What the Utah Vote Is About: Public Education by Other Means

Utah voters are going to the polls on Tuesday to accept or reject what would be the nation’s first state-wide school voucher program. According to Utah’s biggest media outlets and the nation’s largest public school employee union, this program would undermine public education. That view, while understandable coming from an organization that lives off the current system, is mistaken.

The purpose of public education is not to perpetuate a particular management structure, or employ a certain set of bureaucrats or union officials. The purpose of public education is to see that every child has access to good schools, and is prepared both for success in private life and participation in public life. Anyone who genuinely believes in those ideals of public education should support whatever system best fulfills them.

Correctly understood, school choice programs are not a threat to public education, they are simply public education by other means. They ensure that every family has access to the schools they deem best for their kids, whether operated by public officials or independent educators.

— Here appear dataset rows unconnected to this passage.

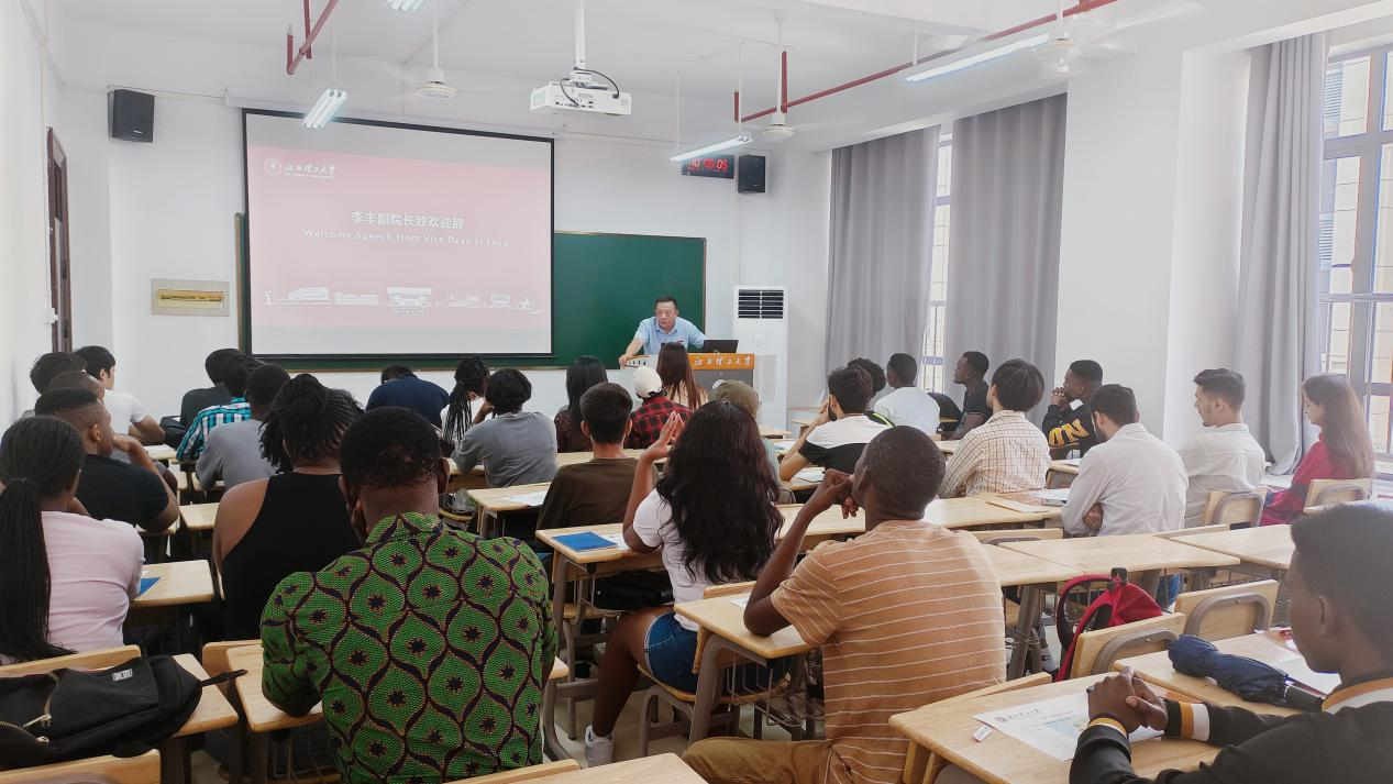 入学教育第一课上,国际教育学院廖宇奇、付皓骏老师给国际新生介绍了学习管理规定、学业考核要求、宿舍安全条例、出入境相关法律法规等,让新生尽快融入校园学习生活。
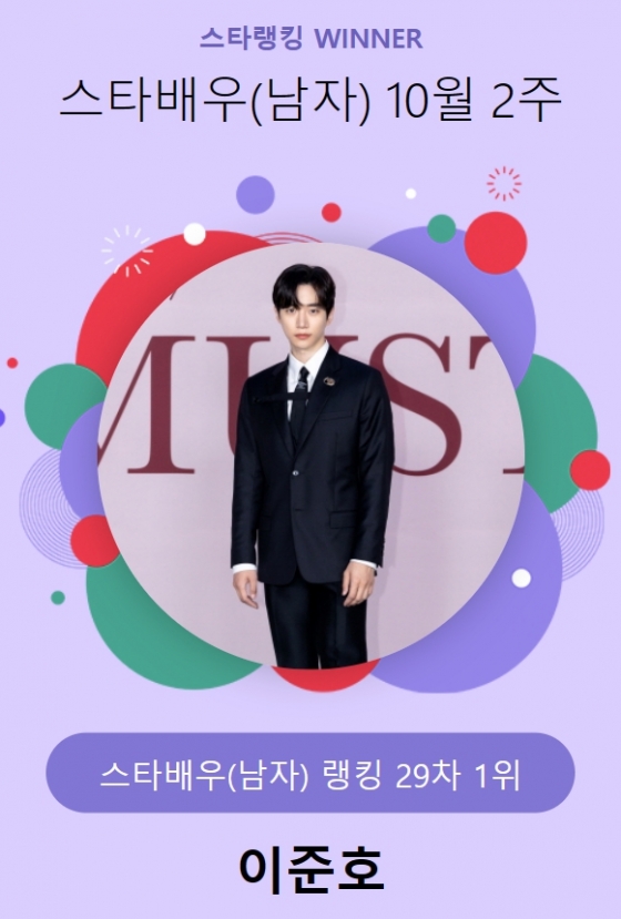 이준호는 지난 5일 오후 3시 1분부터 12일 오후 3시까지 진행된 10월 2주(29차) 스타랭킹 스타배우 남자 랭킹 투표에서 김남길, 박해진을 꺾고 1위를 차지했다.
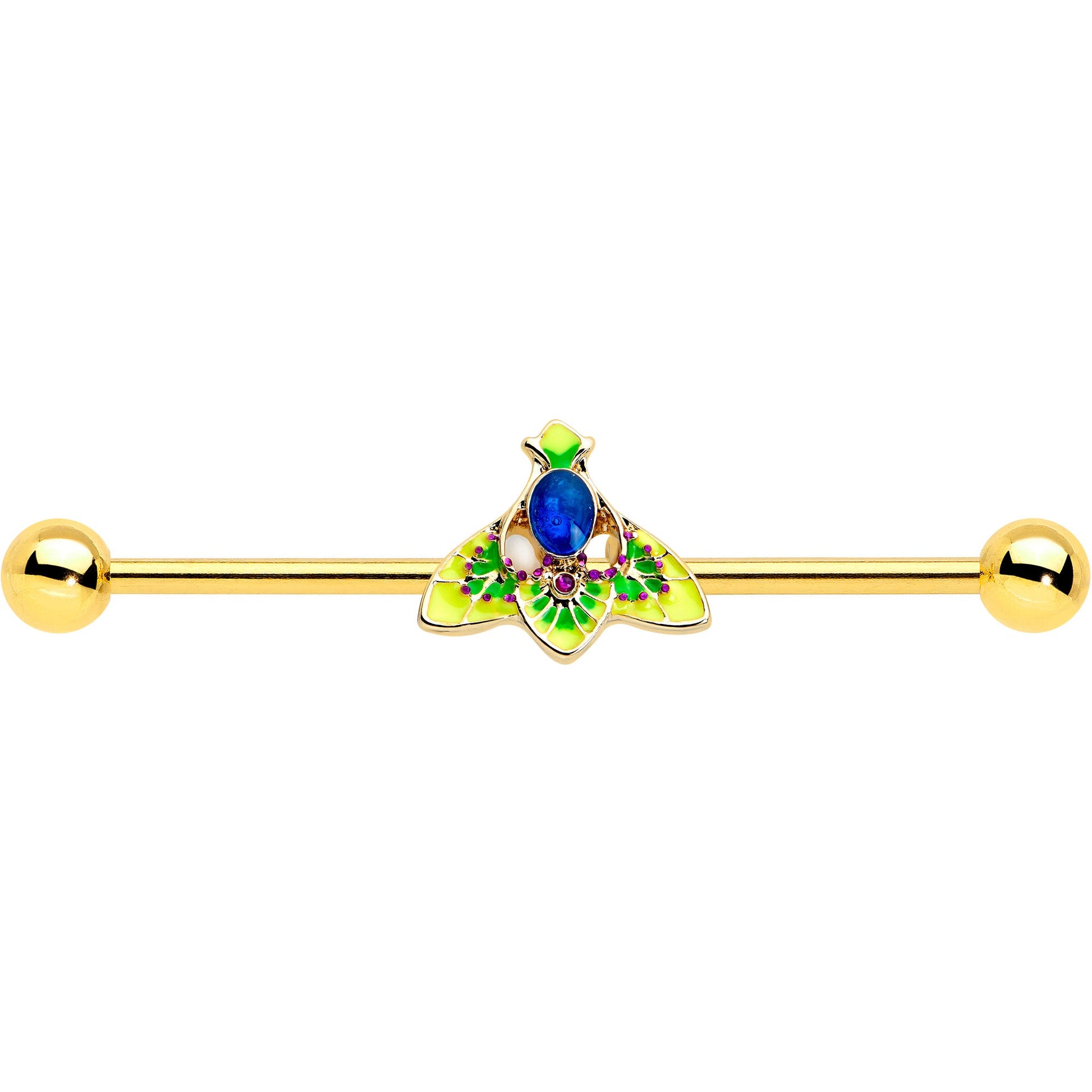 14 Gauge Blue Purple Gem Gold Tone Tropic Fan Industrial Barbell 38mm
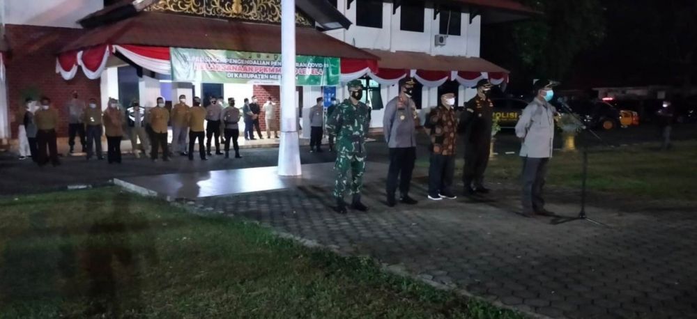 MERANGIN - Bertempat di halaman kantor Bupati Merangin Selasa malam (10/08/21) berlangsung Kegiatan Apel dilanjutkan Patroli Operasi Yustisi dalam rangka Pemberlakuan Pembatasan Kegiatan Masyarakat (PPKM) Berbasis Mikro Level IV. Kegiatan yang di Ikuti oleh TNI - Polri serta Sat Pol PP, Dishub, BPBD dan Dinas Kesehatan Kabupaten Merangin yang di pimpin oleh Plt. Bupati Merangin H. Mashuri dihadiri Forkopimda Kabupaten Merangin, Satgas Covid-19 Kabupaten Merangin. Pada Kesempatan tersebut Penyampaian Plt Bupati Merangin menyebutkan, apel gabungan ini sebagai salah satu upaya untuk memberikan himbauan kepada masyarakat agar tetap menerapkan Protokol kesehatan. "Apel ini bukan apel biasa karena saat ini khususnya di Merangin dalam keadaan tidak baik baik saja sebab tingkat penyebaran Covid-19 di Merangin sudah di level empat," jelasnya. Kita sudah melaksanakan rapat Anev di ruang pola I Kantor Bupati Merangin tadi pagi dalam rangka menindak lanjuti penanganan Covid-19, untuk itu kita akan laksanakan Pengendalian kegiatan masyarakat dengan cara PPKM Mikro seperti kita ketahui PPKM di Jawa dan Bali sudah berlaku pada tanggal 3 Juli kemarin," tambah Mashuri. Ada beberapa daerah yang harus di lakukan PPKM karena Covid sekarang sudah mencapai level empat, konsep PPKM darurat yaitu membatasi seluruh kegiatan masyarakat. "Untuk itu saya mengajak kepada rekan rekan semua untuk menangani Covid ini dengan benar termasuk dalam memberikan pemahaman kepada masyarakat," pungkas Plt Bupati. Sedangkan Dandim 0420/Sarko Letkol Tomy Radya Diansysh Lubis senada dengan Kapolres Merangin menyampaikan semua stakeholder terkait harus bersinergi dengan satukan tekad. "Setelah apel malam dilanjutkan patroli penertiban masyarakat, Tanamkan bahwa ini adalah tugas kita untuk pengabdian kepada masyarakat, jangan merasa kehilangan semangat tugas pokok kita untuk menyelamatkan diri kita, keluarga serta seluruh masyarakat dari penyebaran Covid -19 sehingga kita tidak menjadi korban sia sia," ungkap Dandim. Kegiatan apel dan Patroli gabungan ini sebagai bentuk keseriusan dalam mengantisipasi Covid -19. Pihaknya tidak mau di Merangin kecolongan sehingga tidak membuat kewalahan petugas medis maupun pelayanan kesehatan ketika Covid tidak bisa terkendali. Untuk itu tidak boleh lengah karena tidak bisa diketahui pasti perkembangan Covid di Merangin seperti apa, sehingga TNI Polri serta semua pihak harus bersinergi untuk memberikan pelayanan masyarakat, termasuk tingkat kesadaran diri tiap tiap orang, disiplin Prokes Covid 19 dari semua pihak sangat penting. "Dalam pelaksanaan tugas patroli hendaknya tetap mengedepankan tindakan humanis dan berikan pemahaman kepada masyarakat agar memahami betapa pentingnya saling menjaga demi kesehatan serta keselamatan kita bersama," tutup Dandim. Kegiatan dilanjutkan dengan Patroli gabungan mengedukasi, mengimbauan kepada Pengelola dan Pengunjung sekitaran pasar bawah, pasar baru agar tetap mematuhi protokol kesehatan.
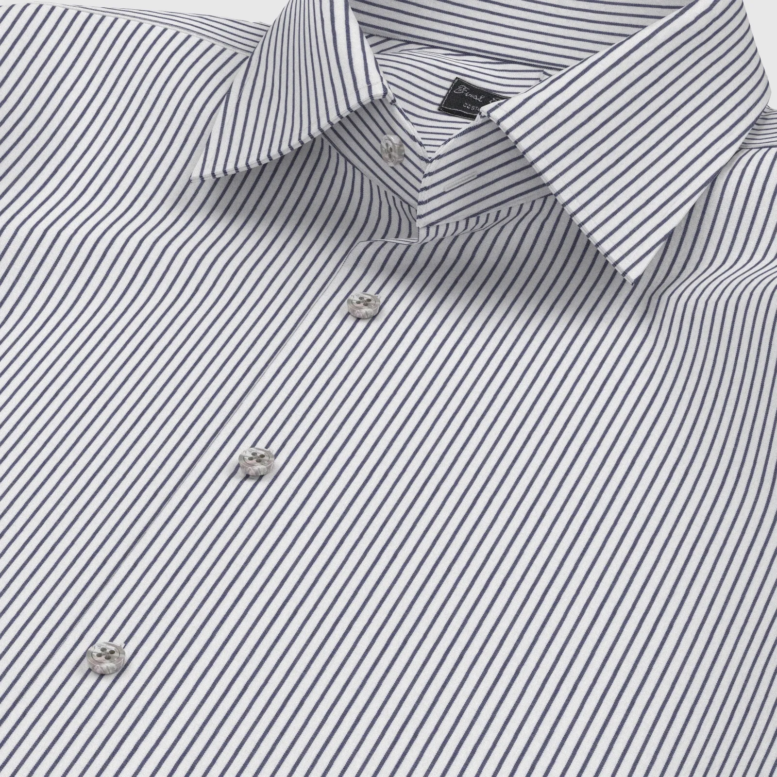 詳細きれいなネイビーの細めストライプの綿100%イージーケア素材です。家庭洗濯+軽いアイロンがけですっきり・きっちりと着こなせる忙しいビジネスマンにぴったりの素材です。肌触りも綿100%の風合いを損なわない着心地です。
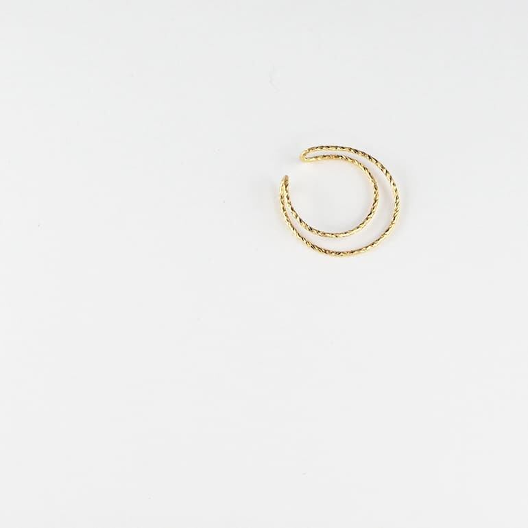 細身のロープチェーンデザインを大きくねじりひとつのフープからダブルのイヤーカフになっています。繊細なラインは上品な輝きを放ち、何気ない女性らしさを演出します。高品質の18金素材を使用。
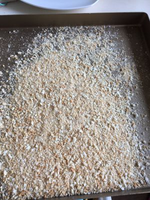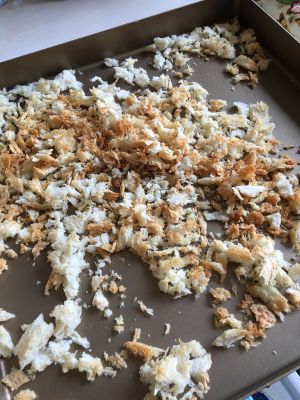 面包去边,撕碎。烤箱160度,不用预热。20分钟左右。

Some people worry that  a system of unfettered parental choice would fail to promote social cohesion – something that our public schools are widely believed to do. That view is precisely backward. There are numerous studies comparing the tolerance and civic engagement of public and private school students and graduates, and this research either favors the private schools or finds no significant differences between the sectors.

And as for Balkanizing communities, that is sadly something that our traditional district-based public schools have been doing since their inception. In fact, my Cato associate Neal McCluskey has documented nearly 150 battles over the content of public schooling from all over the country – in the 2005-2006 school year alone. From sex education to the singing of Christmas carols, our single official system of schools forces us into unnecessary conflict. A true system of school choice would eliminate these conflicts, allowing parents to get the sort of education they value for their own children without compelling them to force their preferences on their neighbors, as our existing school system has done for more than a century.

The voucher program before Utah’s voters may not be without its imperfections, but to portray it as a threat to public education completely misses the point. School choice is simply public education by other means, and, in many ways, a better means than the district-based system we inherited from the 19th century.